Stock Analysis

Why You Might Be Interested In Future Corporation (TSE:4722) For Its Upcoming Dividend

Readers hoping to buy Future Corporation (TSE:4722) for its dividend will need to make their move shortly, as the stock is about to trade ex-dividend. The ex-dividend date generally occurs two days before the record date, which is the day on which shareholders need to be on the company's books in order to receive a dividend. The ex-dividend date is important because any transaction on a stock needs to have been settled before the record date in order to be eligible for a dividend. Thus, you can purchase Future's shares before the 27th of June in order to receive the dividend, which the company will pay on the 17th of September.

The company's upcoming dividend is JP¥23.00 a share, following on from the last 12 months, when the company distributed a total of JP¥46.00 per share to shareholders. Based on the last year's worth of payments, Future has a trailing yield of 2.1% on the current stock price of JP¥2208.00. We love seeing companies pay a dividend, but it's also important to be sure that laying the golden eggs isn't going to kill our golden goose! That's why we should always check whether the dividend payments appear sustainable, and if the company is growing.
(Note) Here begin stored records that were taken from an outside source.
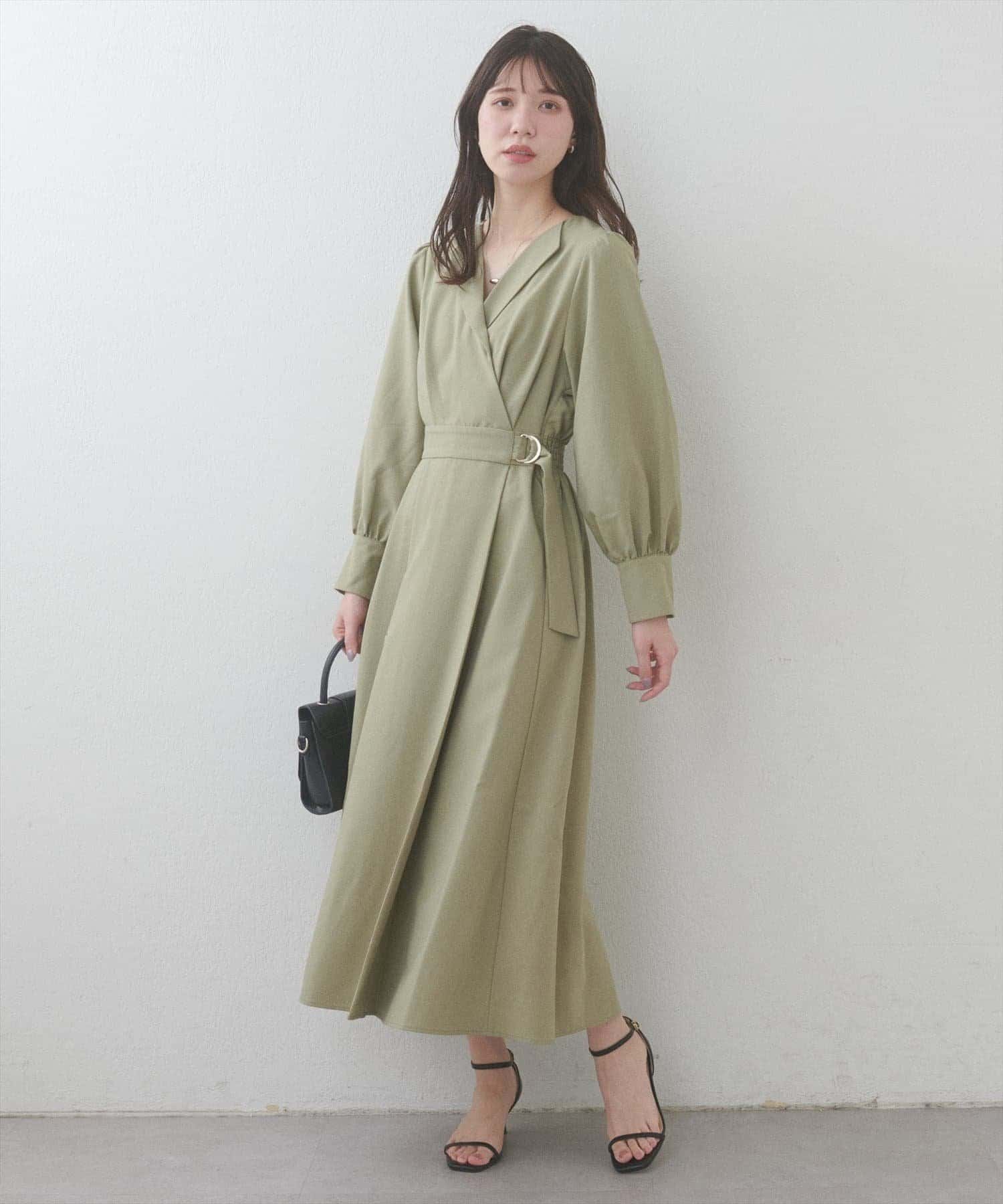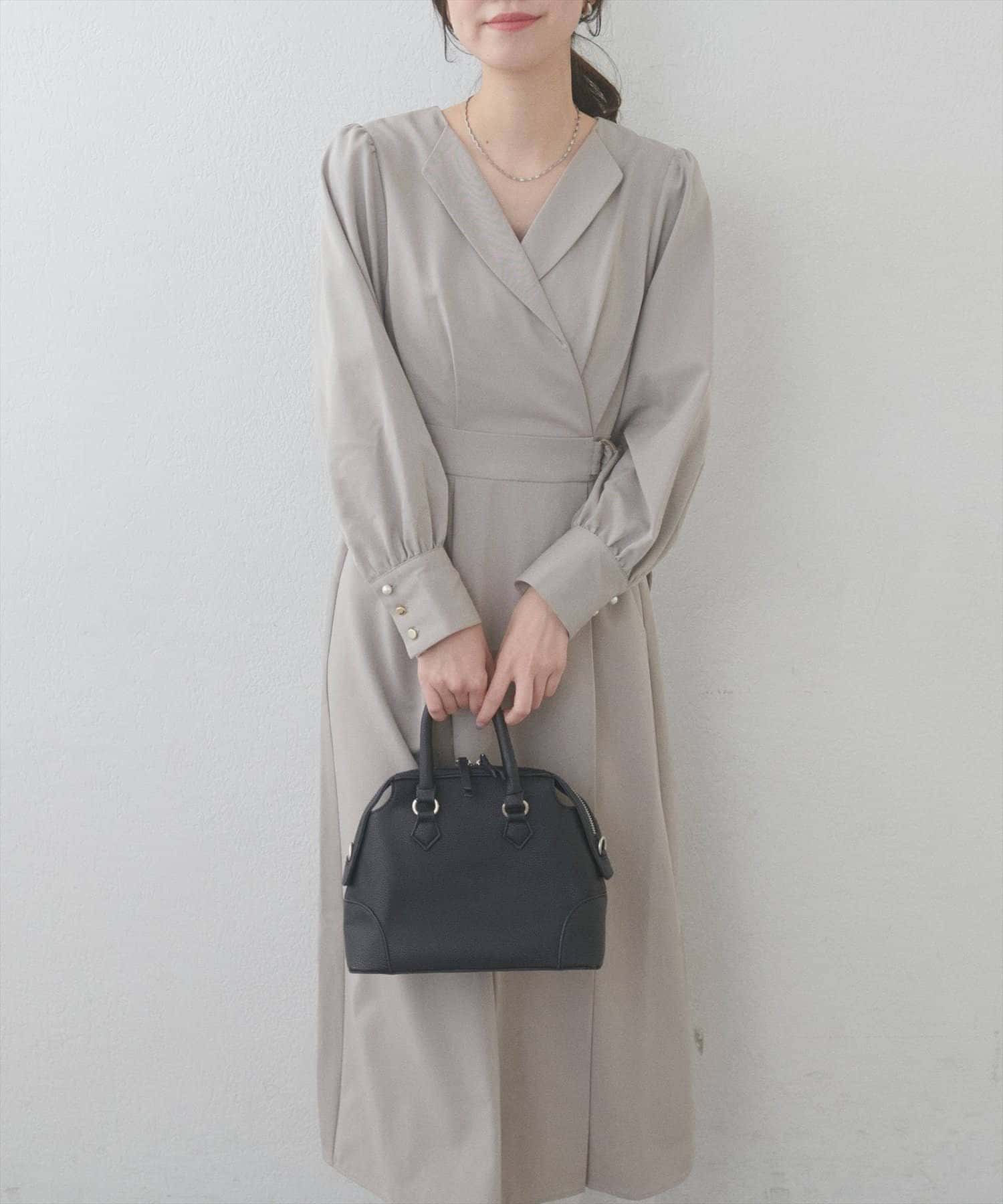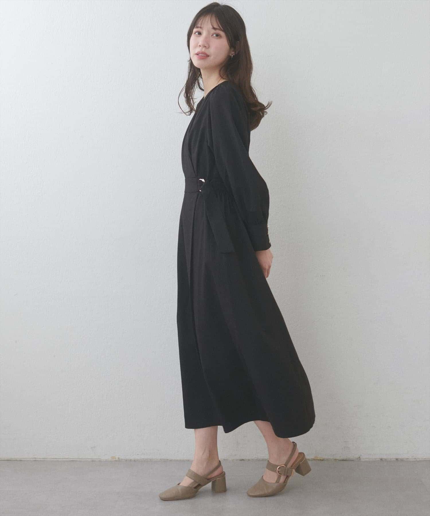 まるでガウンのようなオープンネックが大人の余裕を漂わせるレディワンピース。
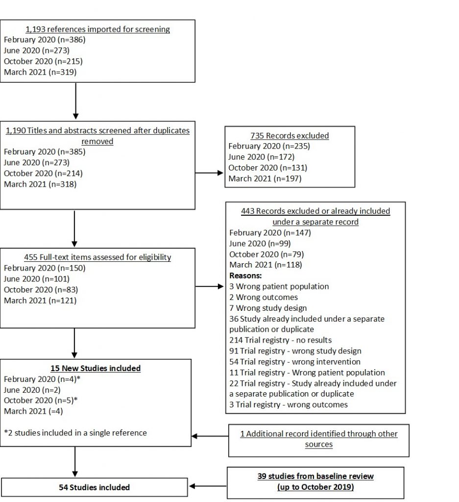 In our March 2021 search, we added 4 new eligible studies. There are a total of 54 studies now included in our review.
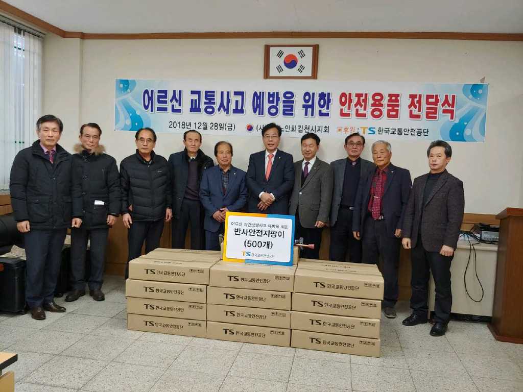 | 매일매일이 추워지는 지난 12월 28일 한국교통안전공단에서 겨울철 어르신들의 안전을 위해 ‘반사 안전지팡이’ 500개를 대한노인회 김천시지회에 기증하여 훈훈함을 전해주고 있다.
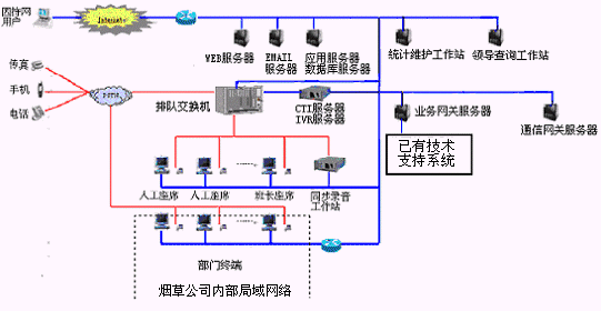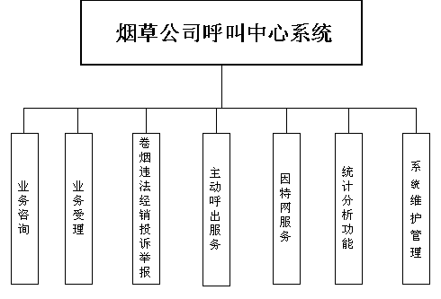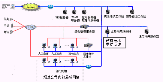 卷煙經銷戶等客戶利用電話、傳真、電子郵件、因特網、手機、短消息等撥打統(tǒng)一的特服號碼(如800XXX或9XXXX)進入煙草公司呼叫中心,本系統(tǒng)依托煙草公司各類業(yè)務技術支持系統(tǒng)和網絡系統(tǒng),實現(xiàn)煙草專賣局原有管理系統(tǒng)/業(yè)務系統(tǒng)及數(shù)據(jù)庫的無縫連接,通過人工受理或自動語音服務等方式全天24小時不間斷地為客戶提供各種服務。
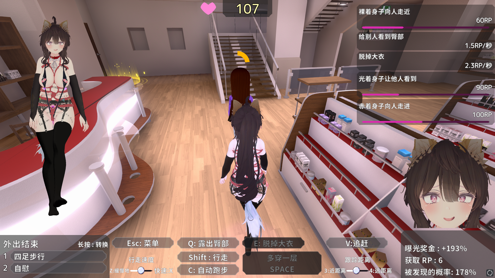 通过露出赚取点数购买配件,涂鸦,发型等
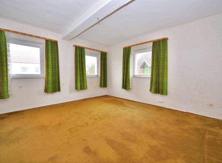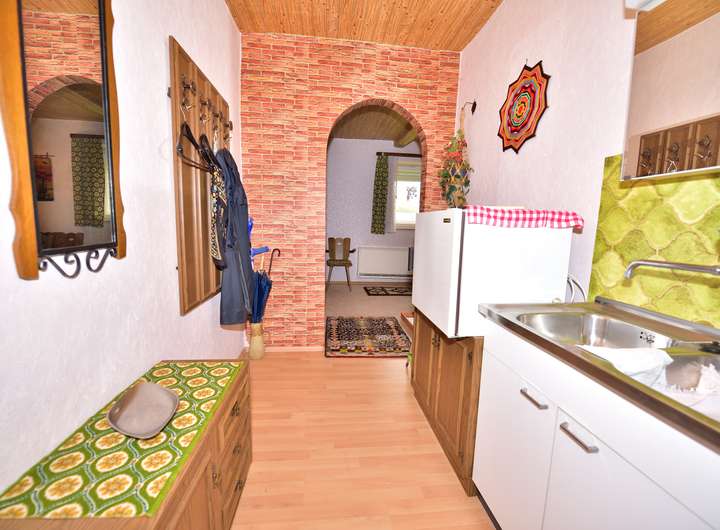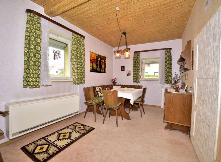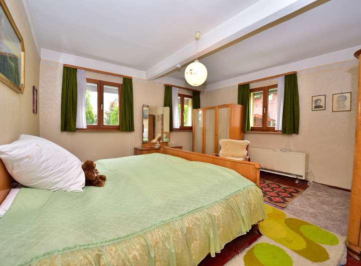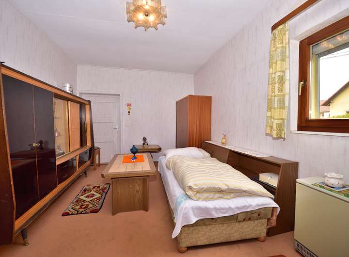 Es kann als Einfamilien- oder als Zweifamilienhaus genutzt werden. Der Rundkeller als außergewöhnliche Bauweise in der Küche, das Erdgeschoß hat eine durchgängige Raumzone mit Küche, Stube und Kammer. Im Obergeschoß befinden sich 5 Zimmer und im DG weitere 2 Zimmer. Das Nebengebäude aus dem Jahr 1900 steht nicht unter Denkmal, 4 Garagen gehören ebenfalls zur Liegenschaft dazu.
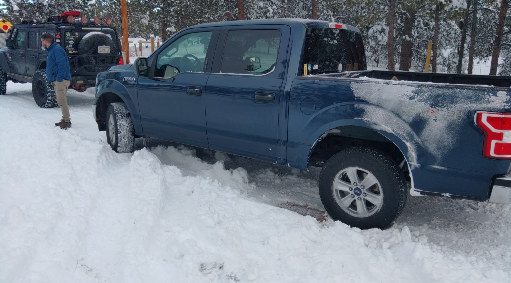 Albert, CO this morning. This truck doesn’t look like it’s stuck, but the nearly bald tires couldn’t get any traction and had turned everything under them into ice. Please, make sure to check your tread before the weather gets bad.
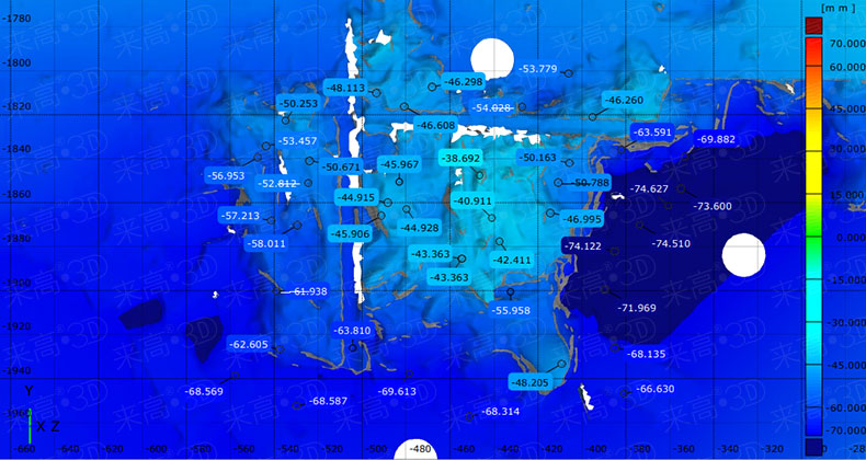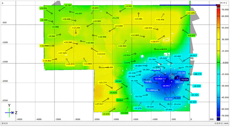 在掃描過程中,軟件自動對多幅掃描引起的累計誤差進行整體拼接修正,提高了工作效率,在1小時左右就完成了全部檢測工作。掃描工作完成后,通過專業檢測軟件對采集到的屋頂數據進行數據分析,包括墻皮的脫落程度房屋的塌陷程度等,獲得受損部位準確的數據報告。
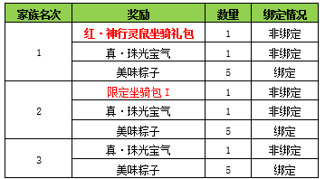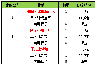 以上奖励均绑定,仅符合条件的家族族长可领取,且至多领取1次。

Dividends are typically paid from company earnings. If a company pays more in dividends than it earned in profit, then the dividend could be unsustainable. Fortunately Future's payout ratio is modest, at just 37% of profit. That said, even highly profitable companies sometimes might not generate enough cash to pay the dividend, which is why we should always check if the dividend is covered by cash flow. It distributed 38% of its free cash flow as dividends, a comfortable payout level for most companies.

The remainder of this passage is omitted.